Start by knowing your audience. The language of your sign determines immediately whether you’re in for a conversation or a conflict. When you have a choice, go for conversation every time.
Just as I have listened to protesters while trying to understand their point of view, I suspect that any successes they enjoy from this effort will come only from engaging in conversation or debate with the establishment while trying to understand their point of view. What is that point of view? What turns their crank? The answer is simple. It always ends with “ka-ching”.
This conversation will need something at the bottom of the page that says dollars and cents.

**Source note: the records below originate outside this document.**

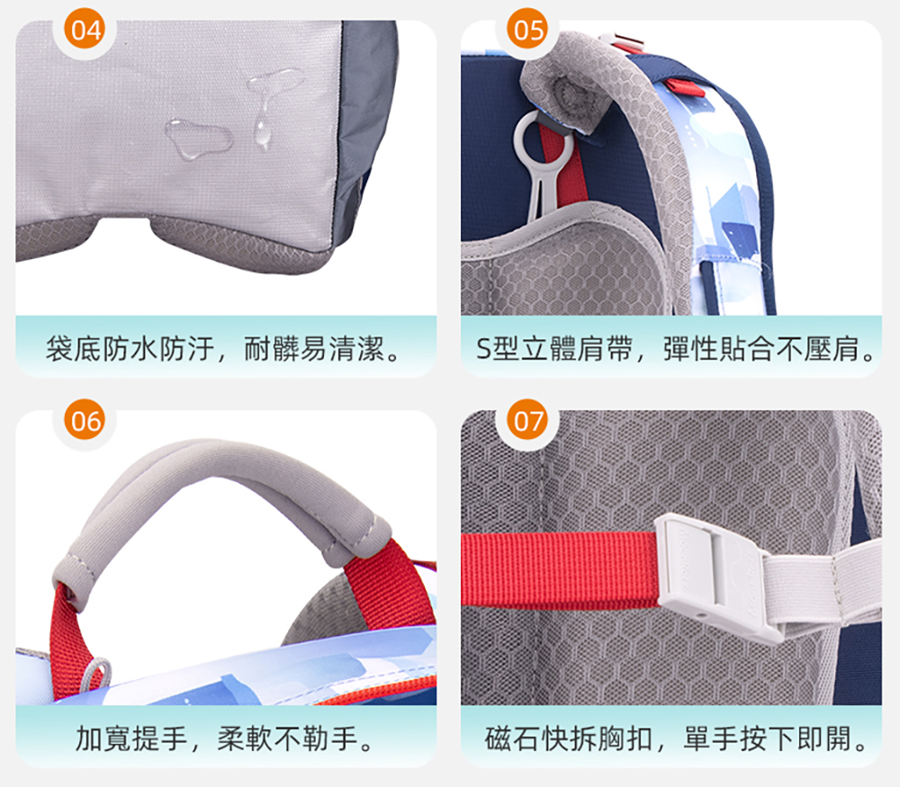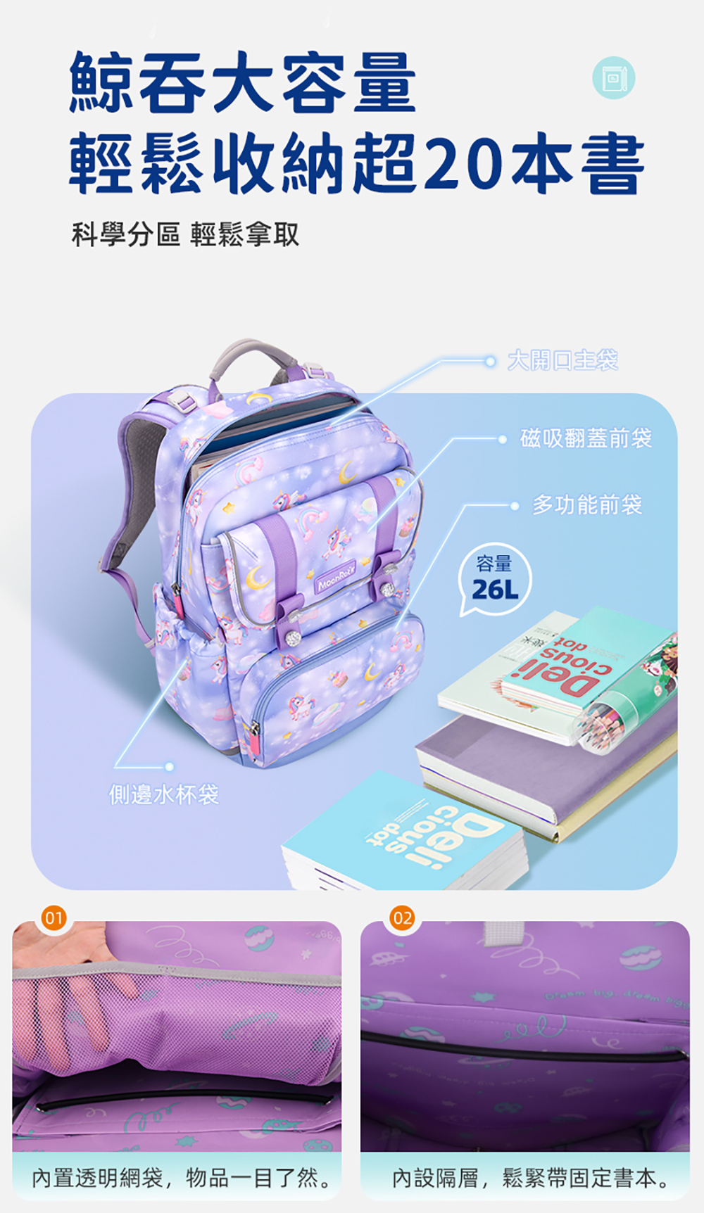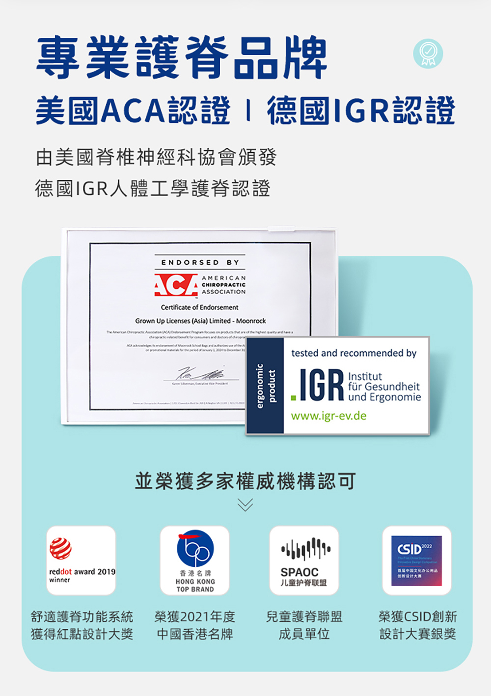 ● 內置的書本自動傾向背部,重量貼近背部而不往後傾
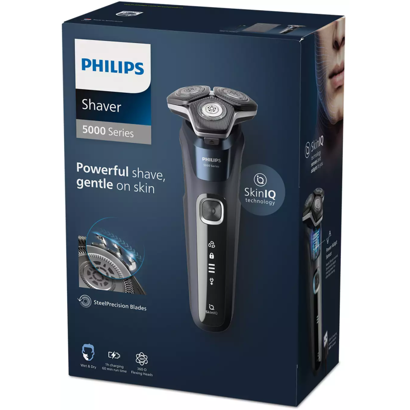 شما با خرید و انتخاب ریش تراش 5885/10 از سری 5000 فیلیپس اصلاحی بسیار قوی و در عین حال ملایم را بر روی پوست صورت خود خواهید داشت. این دستگاه شامل سه سری گرد بوده که با برخورداری از 45 تیغه استیل ضد زنگ خود تیز شونده به راحتی می تواند 9000 برش در دقیقه را انجام دهد که این قابلیت باعث تسریع در زمان اصلاح شما خواهد شد. این ریش تراش دارای تکنولوژی مدرن سنسور هوشمند SkinlQ است که این سنسور با حرکت دستگاه بر روی صورت با تشخیص هوشمند میزان تراکم ریش را با میزان 125 بار در ثانیه، قدرت موتور به طور خودکار جهت انجام فرآیند اصلاحی دقیق تر تنظیم می شود.
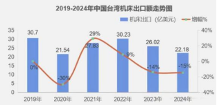 2024年台湾机床出口额22.18亿美元,同比下降14.8%,进口额5.57亿美元,下降5.7%。金切机床和成形机床出口额分别下降16.8%和3.7%。最大出口市场为中国大陆,占比28%,美国和土耳其次之。进口主要来自日本。
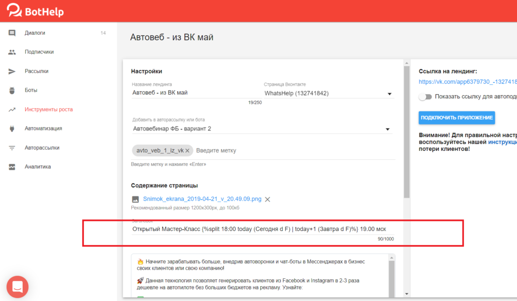 Это внутреннее приложение ВК, которое подключается к группе, и с помощью которого будут отправляться потом сообщения. Здесь также можно установить относительную дату, которая позволяет настроить разделение показа даты в зависимости от времени, когда человек попал на страничку.
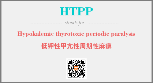 以上为Hypokalemic thyrotoxic periodic paralysis英文缩略词HTPP的中文解释,以及该英文缩写在英语的流行度、分类和应用领域方面的信息。
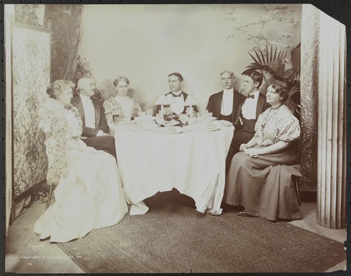 Four men and three women formally dressed, seated at a table at a dinner given to Arnold Bennett, novelist and dramatist, at Harper Brothers.
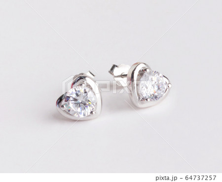 A pair of beautiful 925 sterling silver earrings in heart shape decorated with diamond
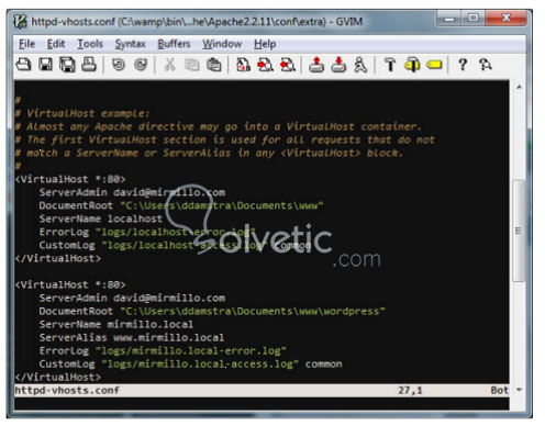 Debemos ubicar el archivo host de nuestro sistema operativo y hacer que resuelva la dirección hacia nuestro local que tiene como ip el 127.0.0.1, aquí podremos crear tantos dominios para tantas instalaciones que tengamos y las cuales deseemos acceder utilizando este sistema, para esto ya debemos de haber configurado nuestro apache para que acepte la utilización del virtual host, que no es más que una directiva del servidor en el cual se especifica que para una dirección en particular el servidor va a resolver hacia una carpeta, como podemos ver en la siguiente imágen:
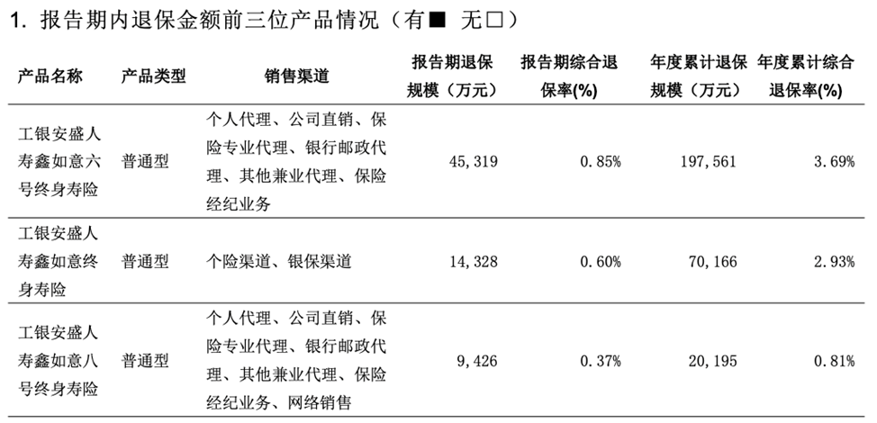 其中,一款名为“工银安盛人寿鑫如意六号终身寿险”的退保金一直以来都是最高的,报告期末达到了19.76亿元,同比增长7.96%,年度累计综合退保率也常年超过了3%,2024及2025年分别达3.54%、3.69%。
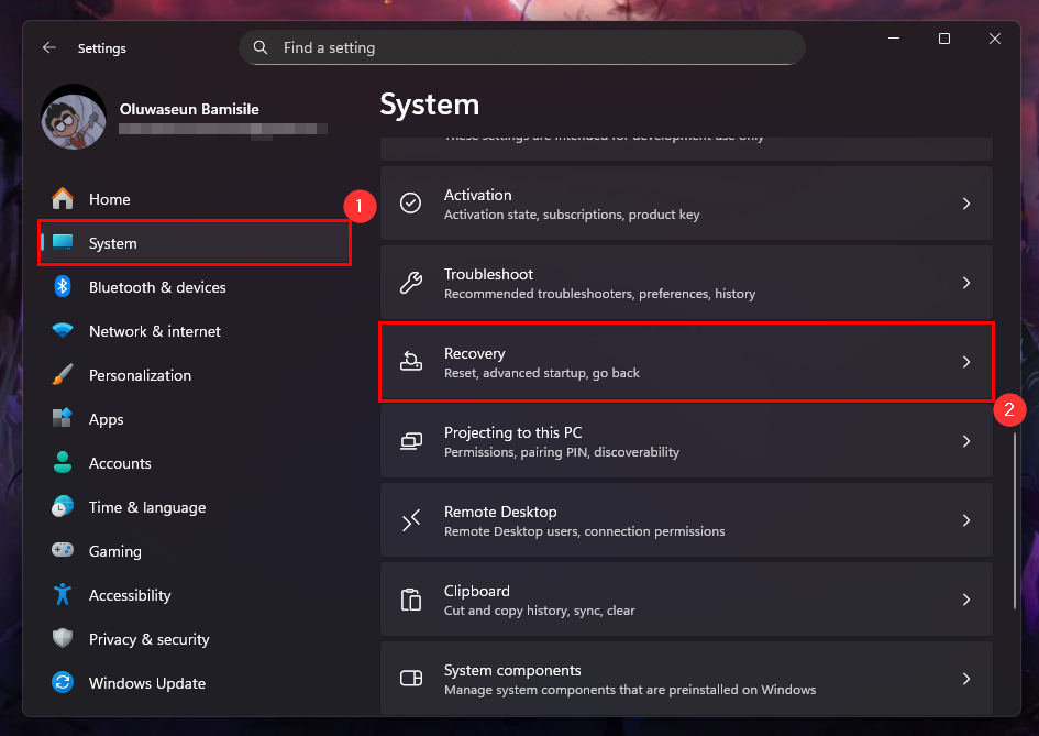 Step 2: Click on "System" among the options on the left pane, then select "Recovery" on the right pane
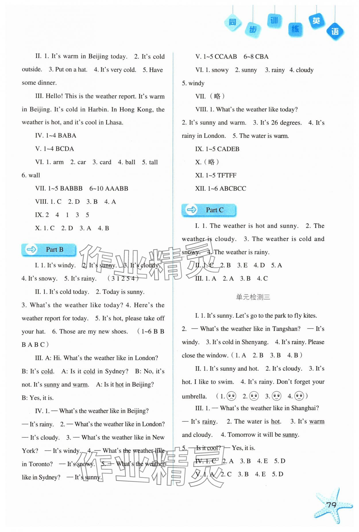 注:目前有些书本章节名称可能整理的还不是很完善,但都是按照顺序排列的,请同学们按照顺序仔细查找。练习册 2024年同步训练河北人民出版社四年级英语下册人教版 答案主要是用来给同学们做完题方便对答案用的,请勿直接抄袭。
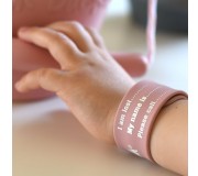Wystarczy, że umieścisz na zewnętrznej stronie opaski ważne informacje: imię i nazwisko dziecka oraz numer telefonu do rodzica. Ułatwi to kontakt z opiekunem oraz zaoszczędzi stresu. Wykonana z przyjemnego w dotyku silikonu ze sprężynującą blaszką w środku, dzięki której zaciska się na dziecięcej rączce. Takie rozwiązanie zapewnia doskonałe dopasowanie do nadgarstka. Rozmiar uniwersalny - pasuje nawet na dorosłą rękę.
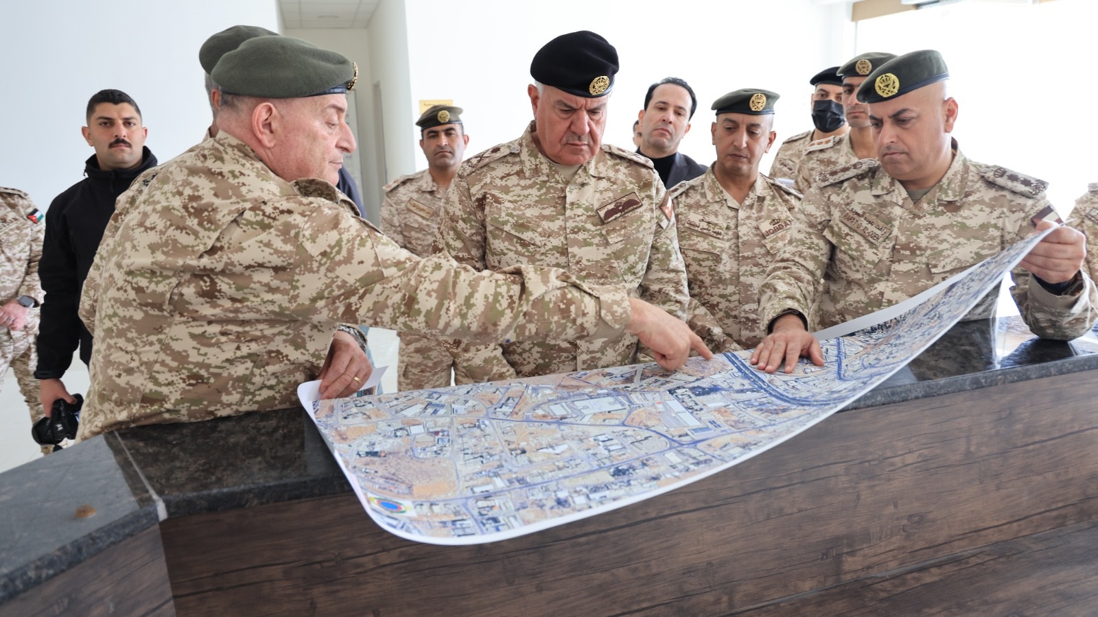 وجال اللواء الركن الحنيطي في مرافق وأقسام المركز المقام على مساحة 3680م2، واطلع على جاهزية الأقسام والعيادات، مؤكداً أهمية السرعة في إنجاز المركز والذي سيشكل إضافة نوعية للخدمات الطبية الملكية.

The case for re-assigning current police responsibilities elsewhere, and for re-framing the police responsibilities that do remain, will need to demonstrate convincingly that these changes will ultimately pay off in cold hard cash. Only when you can show that investments in health care, education, and social services will cost less, and serve and protect better, will there be any hope for change. Among a host of downsides, failure to carry this conversation will ensure that the country retains nearly one-quarter of the world’s imprisoned, costing both unimaginable sums of money and unimaginable losses in productivity.
Those in the establishment will not give up their power, but they might just be convinced to change how they wield that power. They have their own signs, blockin’ out the scenery, breakin’ your mind. These signs cannot be ignored. Do this. Don’t do that. Can you read the signs? With a clear understanding of how the system works, and what the signs say, the key may just turn. Without it, that door will absolutely remain locked.
At this point, this is where I see the bottom line… but I’m still studying.